I just ordered Stuart Kauffman's Origin of Order: Self Organization and Selection in Evolution. So far, I am skeptical.
MH2

Boulder climber
Andy Cairns
Mar 4, 2019 - 03:57pm PT
I can imagine an organism much smarter than us -- having more intelligence; but without the feeling of consciousness. I can also imagine a robot like this (which scares me).


Without consciousness?

Without the feeling of consciousness?

Without either?



What scares you? That the organism or robot would be a threat to us? What would it stand to gain from hurting us? What if it were like us versus bacteria: unaware of or indifferent to our own "feelings" and having no qualms about getting rid of us if we irritated it.

These possibilities have been well explored in speculative fiction, as far as humans can currently go, at least.
eeyonkee

Trad climber
Golden, CO
Mar 4, 2019 - 04:05pm PT
What scares you? That the organism or robot would be a threat to us?
Yes. I'm thinking of HAL in 2001 A Space Odyssey.

Why the need for consciousness? Intelligence doesn't need consciousness (exhibit one; AlphaOne).

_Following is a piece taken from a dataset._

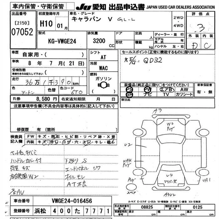 NISSAN CARAVAN 1998 г., лот № 7052
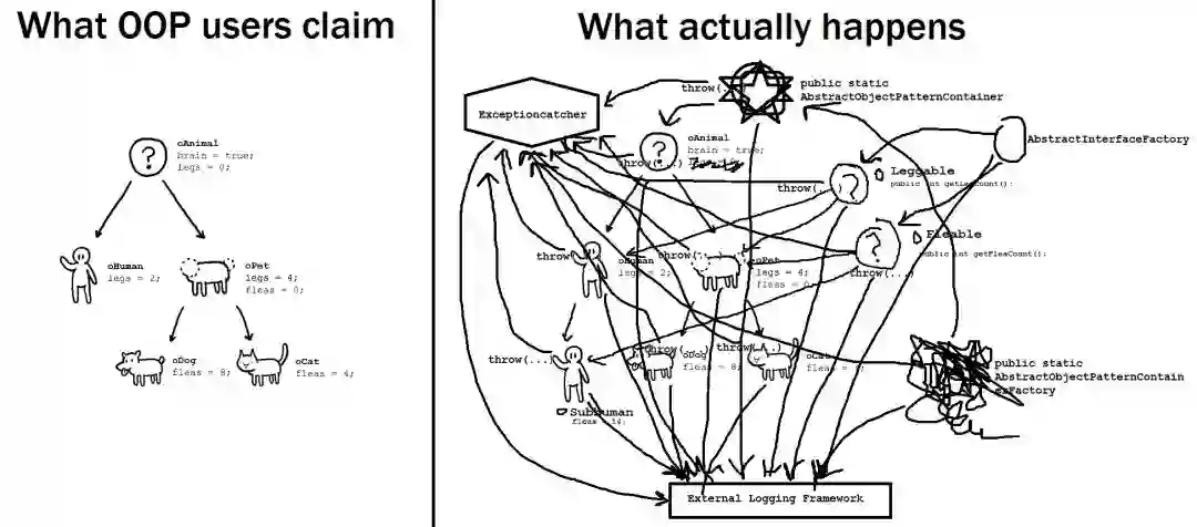 为什么我们坚持使用一种从根本上来说不尽如人意的组织程序的方式?这完全是无知吗?我对此表示怀疑,从事软件工程的人不笨。是我们使用诸如“设计模式”、“抽象”、“封装”、“多态性”和“接口隔离”之类的花哨OOP术语,从而在同行面前显得“看起来聪明”?恐怕不是。

Maybe ants or The Borg will take over some day. Survival algorithms do not require consciousness.
WBraun

climber
Mar 4, 2019 - 04:24pm PT
Intelligence doesn't need conscioness.


You keep proving that you are making up bullsh!t.

Keep proving you know absolutely nothing at all what conscioness is perid.

You proving you really have no clue at all to life, conscioness, and intelligence period.

You just don't care at all and just throw out statements for the pure hell of it disguised as science.

You are perfect representation of scientism gone amok .......
eeyonkee

Trad climber
Golden, CO
Mar 4, 2019 - 06:03pm PT
Alas!
jogill

climber
Colorado
Mar 4, 2019 - 09:18pm PT
Thinking of consciousness as a feeling doesn't seem quite right, although consciousness appears to be a necessary condition for feeling.